When this matter has been thoroughly discussed, the ground will have
been prepared for considering in subsequent volumes the more special
faculties of Morality and Religion.[12]
 
 
 
 
CHAPTER II.
 
IDEAS.[13]
 
 
I now pass on to consider the only distinction which in my opinion
can be properly drawn between human and brute psychology. This is the
great distinction which furnishes a full psychological explanation of
all the many and immense differences that unquestionably do obtain
between the mind of the highest ape and the mind of the lowest savage.

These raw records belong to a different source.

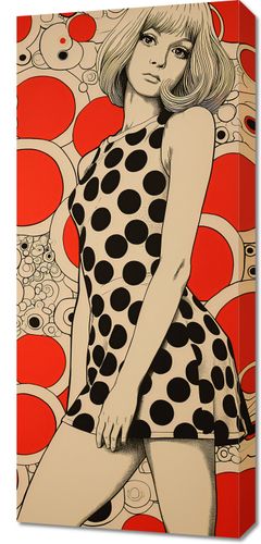 Obraz z serii pop art zatytułowany Czerwone Kropki. Prezentuje modną kobietę w czarnej sukience w białe kropki, która pozuje na tle żywego, czerwonego tła z abstrakcyjnym wzorem kołowym. Jej postać i suknia są przedstawione w odcieniach czerni i szarości, co tworzy silny kontrast z tłem. Obraz oddaje ducha epoki pop-artu, łącząc minimalistyczny portret z dynamicznym i odważnym wzorem. Idealnie wpasuje się w nowoczesne wnętrza oraz przestrzenie kreatywne, takie jak studia projektowe, galerie sztuki czy modowe butiki.
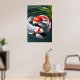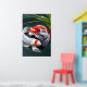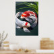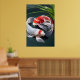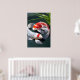Poster de dois peixes koi com padrões intrincados nadando lado a lado, de forma graciosa, contra um fundo verde escuro, realçado pela presença de algumas folhas vibrantes de plantas verdes. As escalas detalhadas e as delicadas barbatanas do koi criam uma cena aquática serena e harmoniosa.
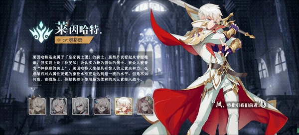 莱因哈特是[皇家骑士团]的一员骑士。他的外表虽显青涩稚嫩,却被[拉斐尔]公认为实力最强的剑士,有着“神眷顾的骑士”的美誉。莱因哈特天生拥有惊人的元素亲和力,成年后对六属性元素的操控已达超一流水准。不过,在战场上他却格外执着于使用最为柔和的风元素作战,其中缘由不得而知。
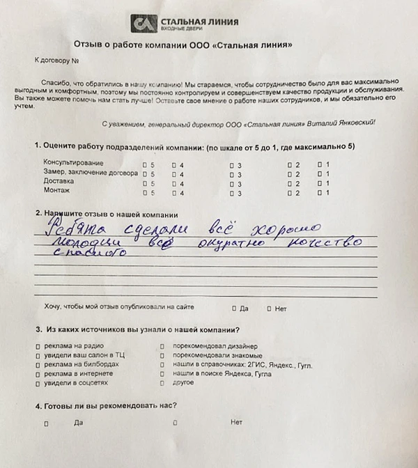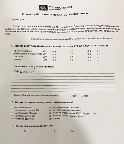 Приобретали у нас дверь? Вам всё понравилось? Оставьте отзыв!

It is, moreover, the distinction which is now universally recognized
by psychologists of every school, from the Romanist to the agnostic in
Religion, and from the idealist to the materialist in Philosophy.
 
The distinction has been clearly enunciated by many writers, from
Aristotle downwards, but I may best render it in the words of Locke:
 
“If it may be doubted, whether beasts compound and enlarge their ideas
that way to any degree; this I think I may be positive in, that the
power of abstracting is not at all in them; and that the having of
general ideas is that which puts a perfect distinction betwixt man and
brutes, and is an excellency which the faculties of brutes do by no
means attain to. For it is evident we observe no footsteps in them of
making use of general signs for universal ideas; from which we have
reason to imagine, that they have not the faculty of abstracting, or
making general ideas, since they have no use of words, or any other
general signs.
 
“Nor can it be imputed to their want of fit organs to frame articulate
sounds that they have no use or knowledge of general words; since
many of them, we find, can fashion such sounds, and pronounce words
distinctly enough, but never with any such application; and, on the
other side, men, who through some defect in the organs want words,
yet fail not to express their universal ideas by signs, which serve
them instead of general words; a faculty which we see beasts come
short in. And therefore I think we may suppose, that it is in this
that the species of brutes are discriminated from men; and it is that
proper difference wherein they are wholly separated, and which at
last widens to so vast a distance; for if they have any ideas at all,
and are not bare machines (as some would have them), we cannot deny
them to have some reason. It seems evident to me, that they do some
of them in certain instances reason, as that they have sense; but it
is only in particular ideas, just as they received them from their
senses. They are the best of them tied up within those narrow bounds,
and have not (as I think) the faculty to enlarge them by any kind of
abstraction.”[14]
 
Here, then, we have stated, with all the common-sense lucidity of this
great writer, what we may term the initial or basal distinction of
which we are in search: it is that “proper difference” which, narrow
at first as the space included between two lines of rails at their
point of divergence, “at last widens to so vast a distance” as to end
almost at the opposite poles of mind. For, by a continuous advance
along the same line of development, the human mind is enabled to think
about abstractions of its own making, which are more and more remote
from the sensuous perception of concrete objects; it can unite these
abstractions into an endless variety of ideal combinations; these, in
turn, may become elaborated into ideal constructions of a more and
more complex character; and so on until we arrive at the full powers
of introspective thought with which we are each one of us directly
cognisant.
 
* * * * *
 
We now approach what is at once a matter of refined analysis, and a
set of questions which are of fundamental importance to the whole
superstructure of the present work. I mean the nature of abstraction,
and the classification of ideas. No small amount of ambiguity still
hangs about these important subjects, and in treating of them it is
impossible to employ terms the meanings of which are agreed upon by all
psychologists. But I will carefully define the meanings which I attach
to these terms myself, and which I think are the meanings that they
ought to bear. Moreover, I will end by adopting a classification which
is to some extent novel, and by fully giving my reasons for so doing.